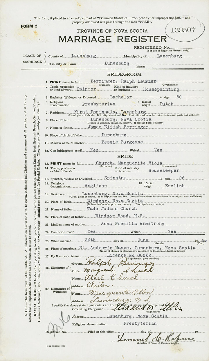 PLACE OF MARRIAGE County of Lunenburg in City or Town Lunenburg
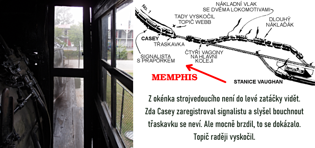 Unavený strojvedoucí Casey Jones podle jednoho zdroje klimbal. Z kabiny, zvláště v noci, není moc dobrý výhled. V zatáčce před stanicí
==
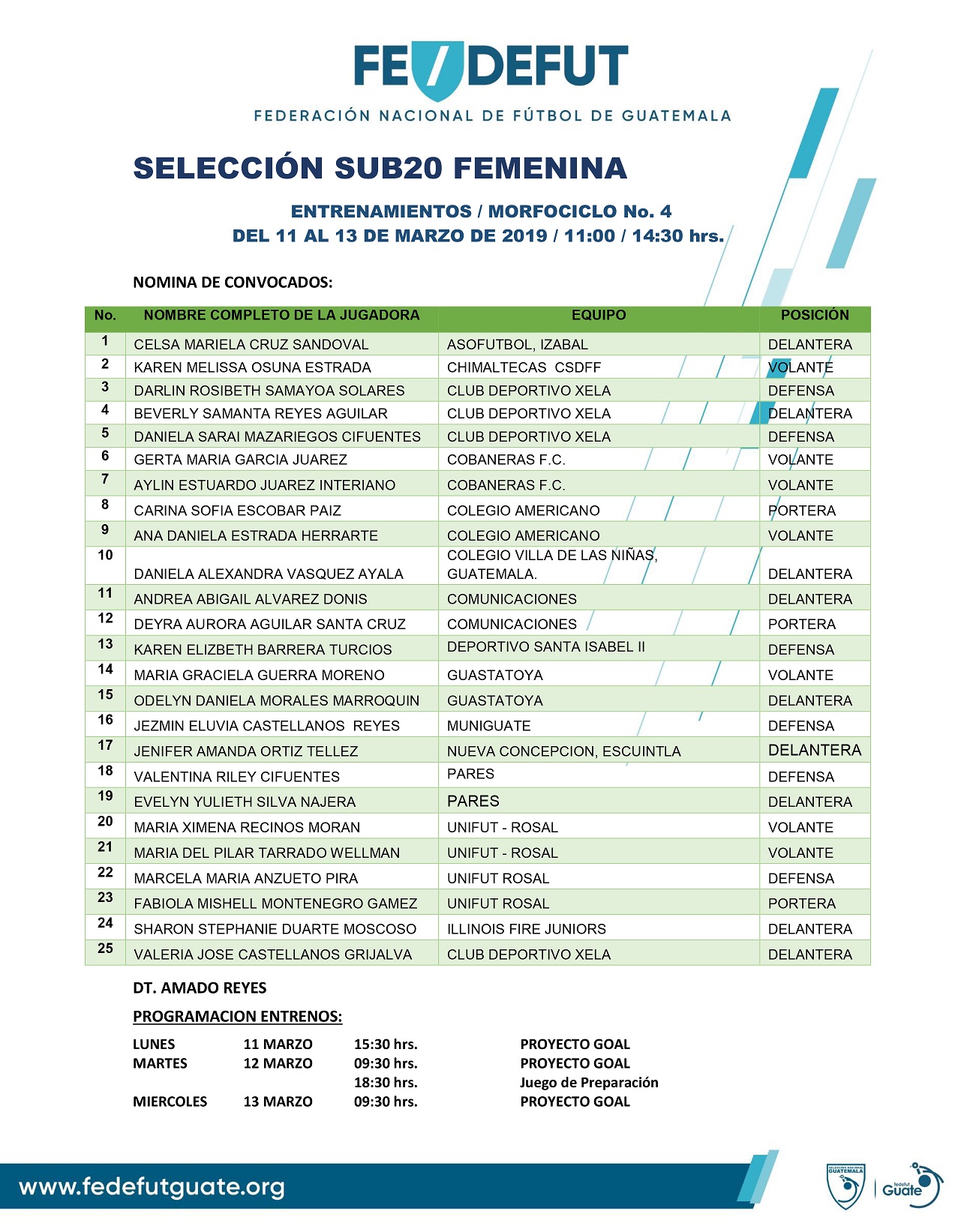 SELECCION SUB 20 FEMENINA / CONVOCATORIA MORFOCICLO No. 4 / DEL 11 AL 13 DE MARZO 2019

Exercise objective — The data above holds the lines to copy: start at the one with "PLACE OF MARRIAGE", stop at the one with "Unavený strojvedoucí Casey", include both, copy them exactly without pictures, and copy nothing else.

Written solution —
 PLACE OF MARRIAGE County of Lunenburg in City or Town Lunenburg
 Unavený strojvedoucí Casey Jones podle jednoho zdroje klimbal. Z kabiny, zvláště v noci, není moc dobrý výhled. V zatáčce před stanicí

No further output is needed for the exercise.